SOURCE DATA section start
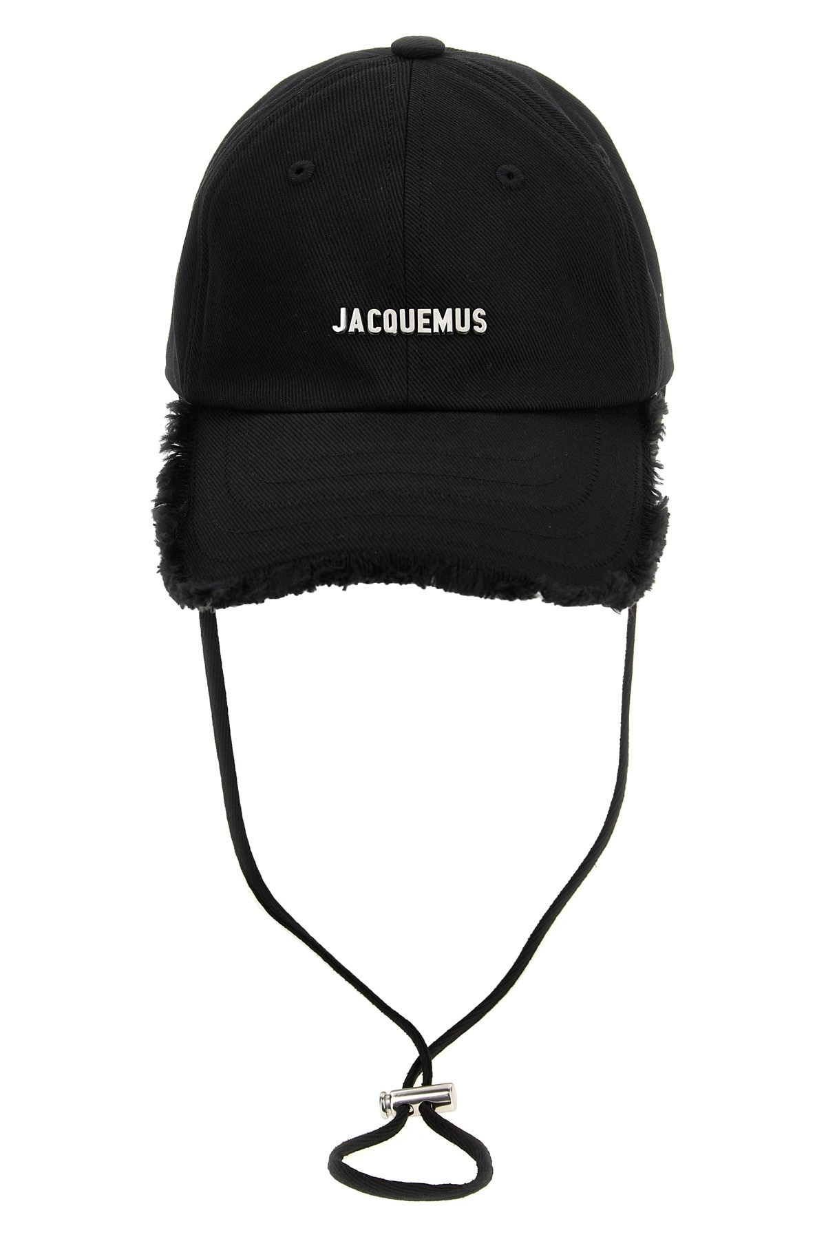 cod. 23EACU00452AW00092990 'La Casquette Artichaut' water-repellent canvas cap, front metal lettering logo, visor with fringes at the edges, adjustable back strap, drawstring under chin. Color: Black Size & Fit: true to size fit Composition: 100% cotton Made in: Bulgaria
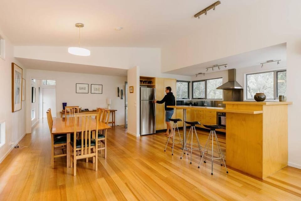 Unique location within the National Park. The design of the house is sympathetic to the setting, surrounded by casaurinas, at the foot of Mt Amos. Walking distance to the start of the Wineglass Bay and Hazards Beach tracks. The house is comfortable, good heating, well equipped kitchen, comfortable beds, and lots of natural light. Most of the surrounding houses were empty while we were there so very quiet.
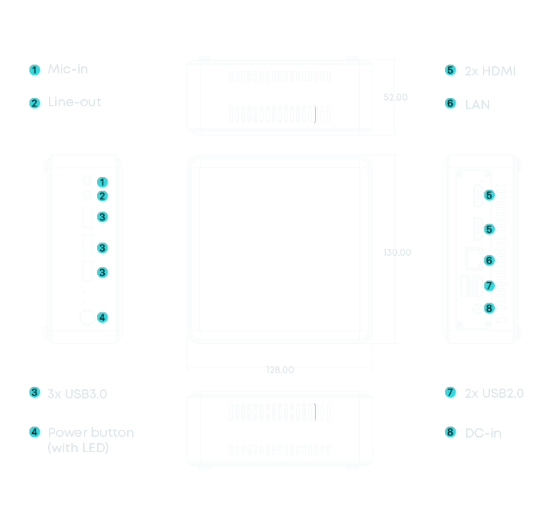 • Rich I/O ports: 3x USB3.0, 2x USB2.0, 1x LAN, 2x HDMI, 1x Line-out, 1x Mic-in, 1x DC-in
SOURCE DATA section end
SOURCE DATA section start
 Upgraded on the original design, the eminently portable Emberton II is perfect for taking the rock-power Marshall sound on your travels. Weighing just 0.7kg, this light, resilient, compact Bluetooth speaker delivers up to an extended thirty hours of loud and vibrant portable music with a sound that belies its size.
SOURCE DATA section end
SOURCE DATA section start
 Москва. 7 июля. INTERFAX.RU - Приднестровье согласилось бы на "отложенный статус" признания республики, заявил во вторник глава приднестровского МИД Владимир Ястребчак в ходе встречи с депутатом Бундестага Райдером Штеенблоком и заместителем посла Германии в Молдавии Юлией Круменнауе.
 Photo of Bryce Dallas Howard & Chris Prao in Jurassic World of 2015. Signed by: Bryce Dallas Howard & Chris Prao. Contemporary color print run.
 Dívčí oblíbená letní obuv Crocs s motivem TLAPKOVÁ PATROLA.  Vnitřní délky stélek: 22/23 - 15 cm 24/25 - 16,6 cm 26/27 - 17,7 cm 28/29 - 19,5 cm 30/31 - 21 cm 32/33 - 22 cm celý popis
SOURCE DATA section end
ASSIGNMENT =>
Give again exactly, and only, the lines above starting at the one with "Москва. 7 июля." and ending at the one with "Dívčí oblíbená letní".

WRITTEN RESPONSE =>
 Москва. 7 июля. INTERFAX.RU - Приднестровье согласилось бы на "отложенный статус" признания республики, заявил во вторник глава приднестровского МИД Владимир Ястребчак в ходе встречи с депутатом Бундестага Райдером Штеенблоком и заместителем посла Германии в Молдавии Юлией Круменнауе.
 Photo of Bryce Dallas Howard & Chris Prao in Jurassic World of 2015. Signed by: Bryce Dallas Howard & Chris Prao. Contemporary color print run.
 Dívčí oblíbená letní obuv Crocs s motivem TLAPKOVÁ PATROLA.  Vnitřní délky stélek: 22/23 - 15 cm 24/25 - 16,6 cm 26/27 - 17,7 cm 28/29 - 19,5 cm 30/31 - 21 cm 32/33 - 22 cm celý popis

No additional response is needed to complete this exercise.